Californians are living through the most severe three-year drought in the last 1,200 years, according to a new study published this week in an American Geophysical Union journal.
Although other three-year periods have been drier, 2012-14 stands as perhaps the worst drought in a millennium due in part to “anomalously low” precipitation and “record-high” temperatures, the study said.
And viewed through the lens of history and the changing climate, this current severe event won’t be the last, the study’s co-author said.
“One thing is clear,” said Daniel Griffin, an assistant professor in the University of Minnesota’s department of geography. “Drought is going to continue to happen. This is the kind of thing we get to see in the future.”
Griffin has been doing research on tree rings, moisture and drought in California for a decade. He teamed with co-author Kevin J. Anchukaitis, a paleoclimatologist at the Woods Hole Oceanographic Institution, to see how the state’s current precipitation levels and drought severity compared with centuries past.

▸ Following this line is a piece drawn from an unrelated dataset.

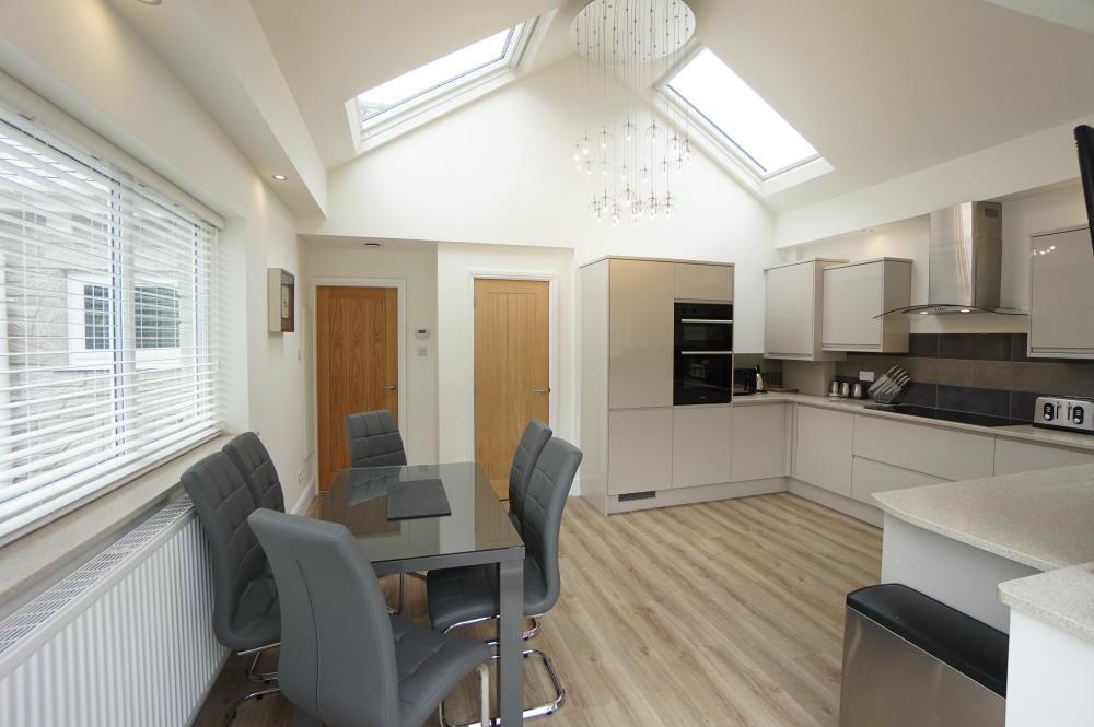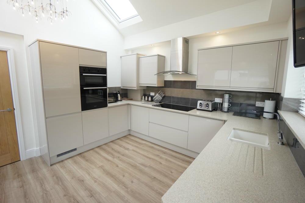 Impressive vaulted ceiling with large velux windows allowing ample daylight and also corner glazing in dining area. Fitted range of modern gloss base and wall units with granite style worktops, five ring induction hob with stainless steel canopy extractor above; inset lighting; 1½ bowl sink with mixer tap; wall tiling; 'Hotpoint' double oven and grill; integrated washing machine; integrated fridge freezer and dishwasher; wall TV point; French windows and corner glazing overlooking rear garden.

To measure precipitation levels, the researchers studied the rings of blue oak trees in Central and Southern California, which have a strong growth relationship with rain. Then they compared their tree-ring data with National Oceanic and Atmospheric Administration rain records and built a model reconstructing precipitation levels hundreds of years into the past.
To measure the severity of the current drought, researchers then turned to the North American Drought Atlas, which provides historical drought severity data based on tree rings that go back at least 1,200 years. The Atlas generates Palmer Drought Severity Index data, which measure drought severity by considering soil moisture conditions, which are in turn affected by precipitation, temperature and evaporation.
Their study concluded that, in terms of “cumulative severity,” drought during the three-year period from 2012-14 “stands out in the context of the last millennium” and was more extreme than droughts that stretched even longer – from four to nine years. Over the last 1,200 years, researchers estimated that three-year droughts occurred about 37 times.
But the lack of precipitation between 2012 and 2014 was not “unprecedented,” the study said. There were times near the turn of the 20th century and the early 16th century when there was less rain in a three-year drought period. Higher temperatures, though, may have exacerbated the current drought by as much as 36%, according to the authors. Combined with low rainfall, those conditions made this drought California’s worst in more than a millennium.
“It was a surprise,” Anchukaitis said of the severity finding. “I don’t think we expected to see that at all.”
Griffin acknowledged that there was a “lingering question” about whether one of the decade-long droughts in the medieval era may have been more severe, saying there was not “a perfect way” to measure.”
The bad, if obvious, news for water-starved California?
Researchers found about 44% of three-year droughts go on to last four years or longer.